* Task instructions *
The lines to be extracted begin at the line containing "The Pochette Felicie" and end at the last line of the data below; copy them exactly and leave out the pictures.

* Input data *
● ● ● ●
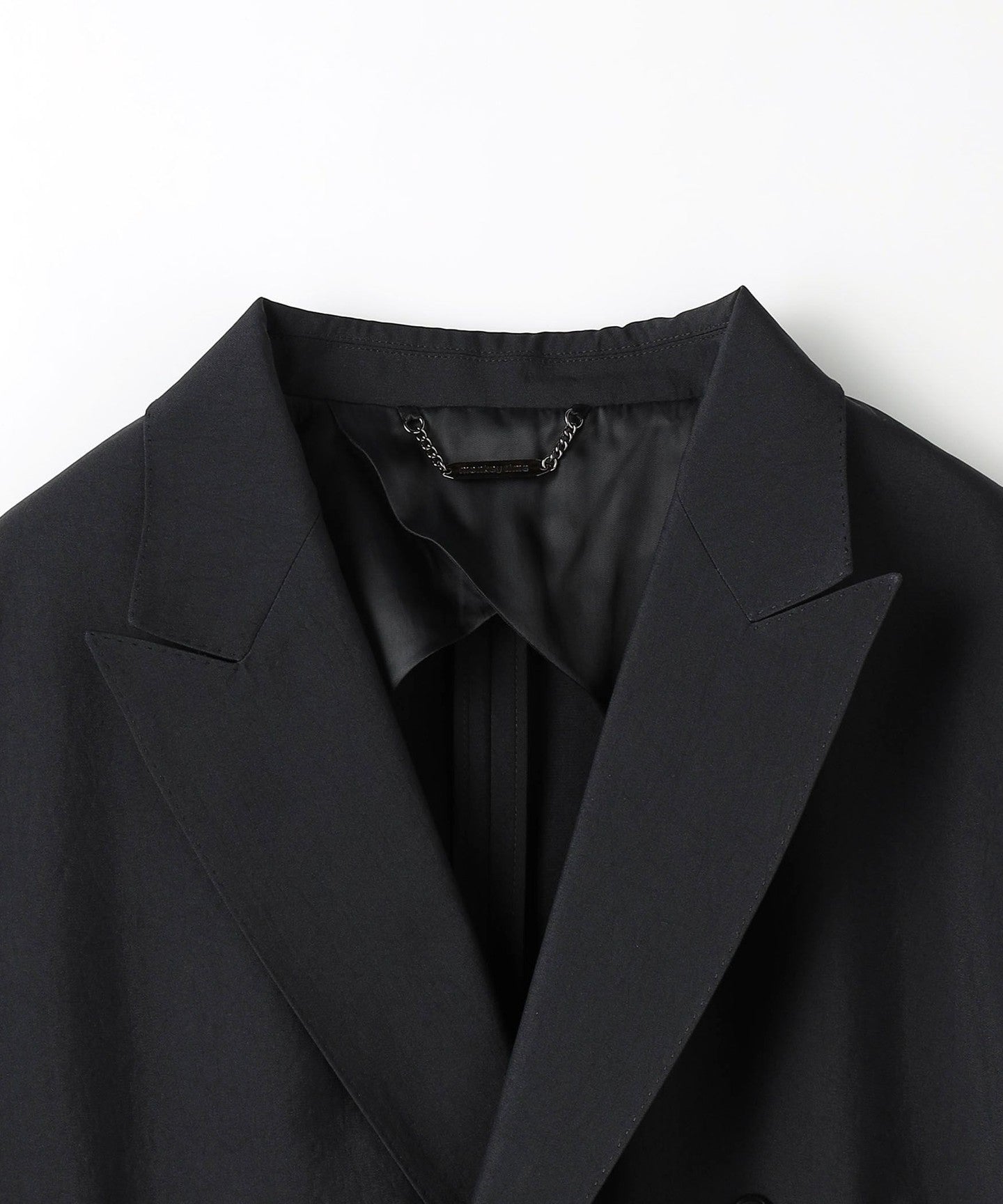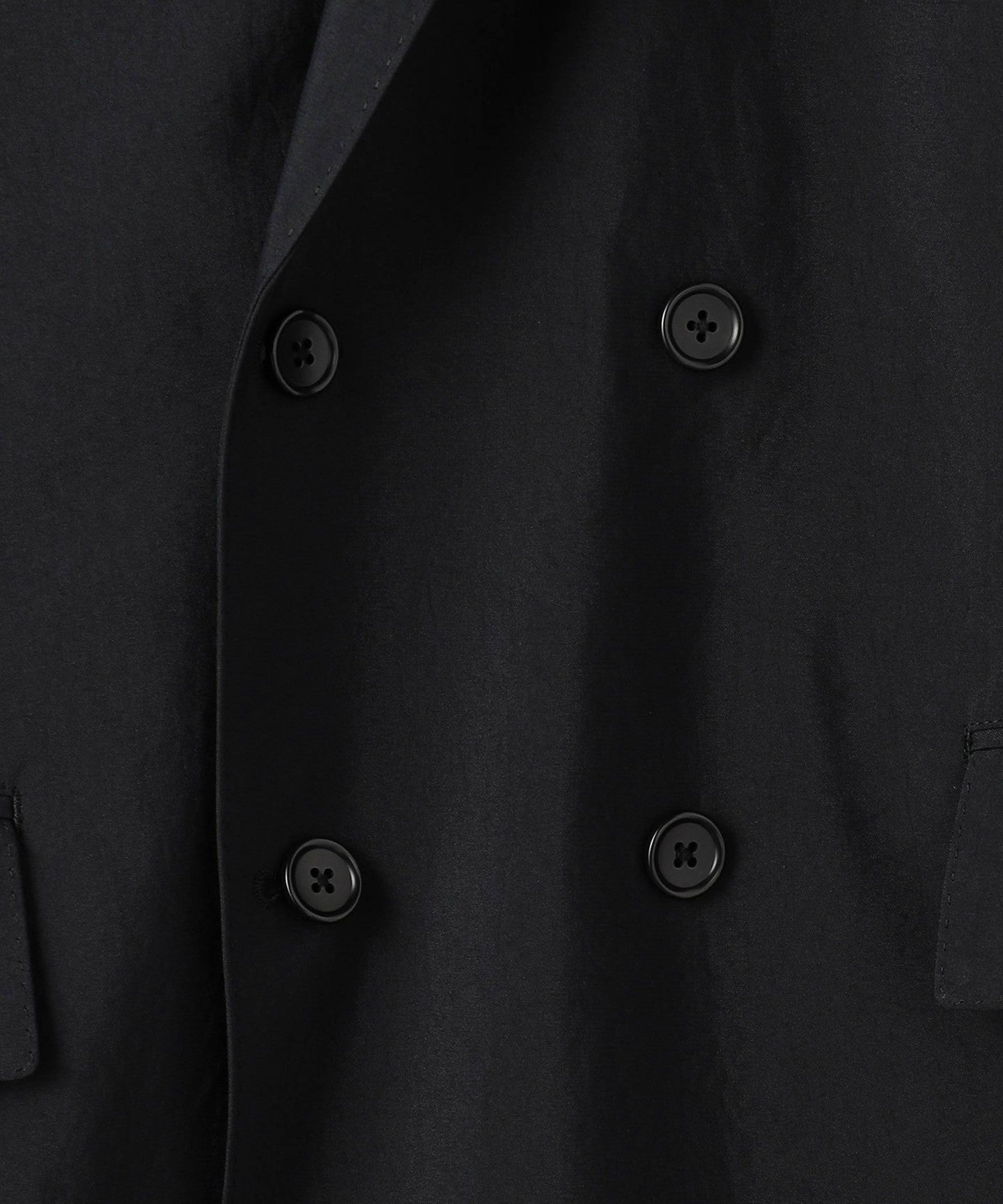 An oversized double-breasted jacket made of back satin fabric woven with polyester thread.
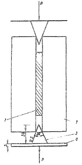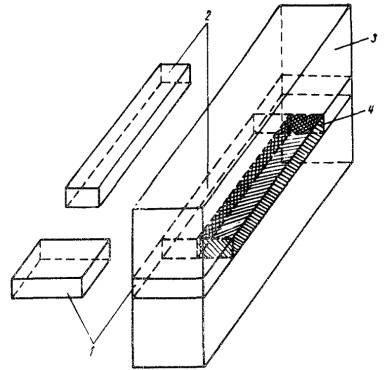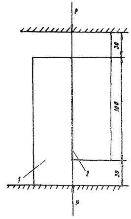 где σсж - прочность при сжатии образцов-швов, испытываемых на гидравлическом прессе, кгс/см2; σр - прочность при растяжении образцов-швов, испытываемых на разрывной машине ЦДМК-30. Разрушение образцов-швов обозначают: К - разрушение по герметизирующему материалу; А - разрушение по контактному слою; КА - разрушение и по герметизирующему материалу, и по контактному слою; б) относительное удлинение εр при растяжении в момент разрыва определяют по следующей формуле: где lp - ширина расчетного участка образца-шва в момент разрыва, мм; l0 - ширина расчетного участка образца-шва перед растяжением, мм. 2. Определение сцепления герметизирующих материалов с бетоном Сцепление герметизирующих материалов с бетоном определяют на гидравлическом прессе. Для этого торцы бетонных балочек (40´40´160 мм) грунтуют (если это требуется по технологии), а затем склеивают герметиком слоем не более 0,5 мм. Для испытания изготавливают не менее шести образцов, которые выдерживают в соответствии с п. 1. Образец устанавливают в центре плиты гидравлического пресса так, чтобы сжимающая сила проходила по склеивающему слою. Верхняя плита должна слегка касаться торца бетонной балочки (рис. 3). Рис. 3. Схема для определения сцепления герметизирующих материалов с бетоном: 1 - бетонная балочка 40´40´160 мм; 2 - мастика 0,5´20´100 мм После проверки нулевых установок измерительных приборов включают гидравлический пресс и разрушают образец-шов по контактному слою - «герметизирующий материал - бетон». Затем фиксируют разрушающую нагрузку. Сцепление герметизирующего материала с бетоном (адгезию) вычисляют по формуле
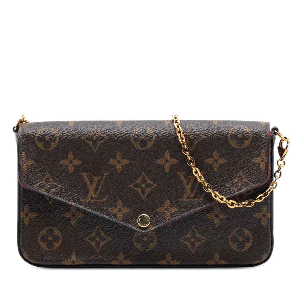 The Pochette Felicie crossbody bag features a monogram canvas body, a detachable gold-tone chain shoulder strap, a top flap with snap closure, and an interior slip pocket.
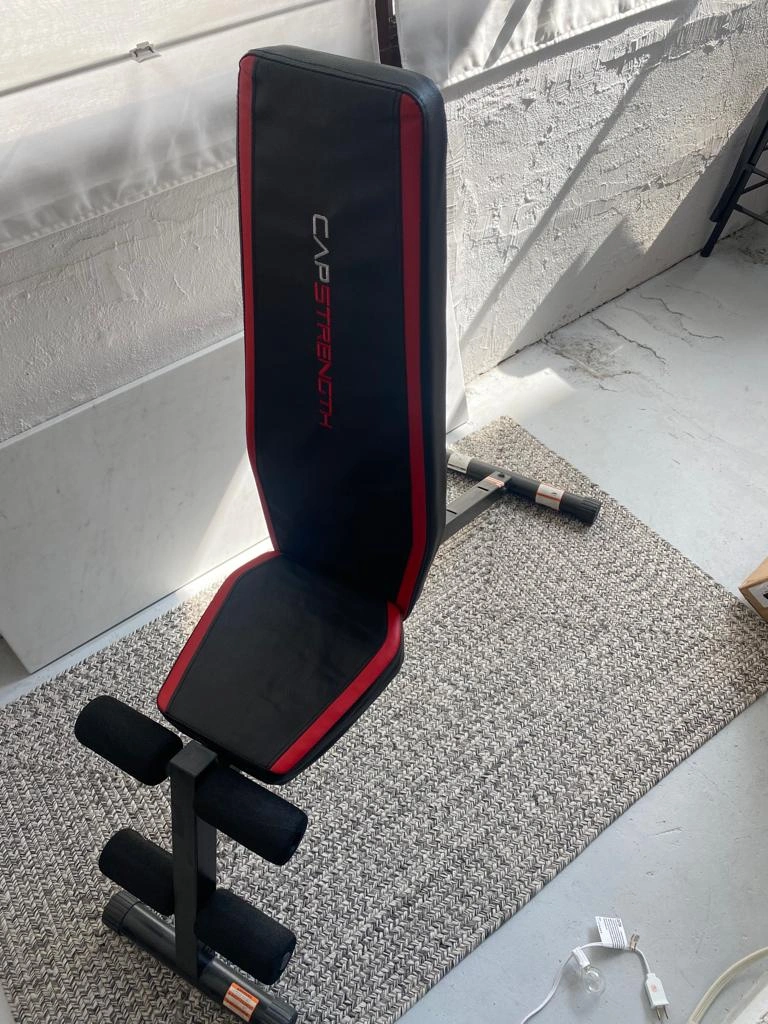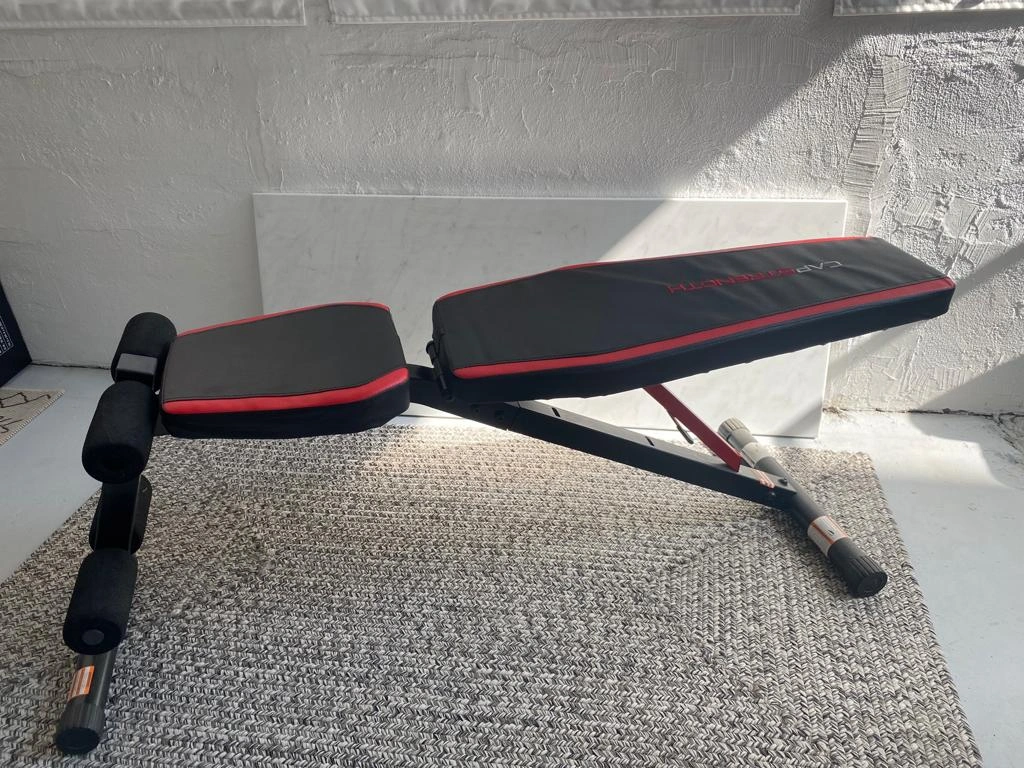 Barely used adjustable weight bench. Four positions: flat, incline, decline and military
● ● ● ●
* Completed task *
 The Pochette Felicie crossbody bag features a monogram canvas body, a detachable gold-tone chain shoulder strap, a top flap with snap closure, and an interior slip pocket.
 Barely used adjustable weight bench. Four positions: flat, incline, decline and military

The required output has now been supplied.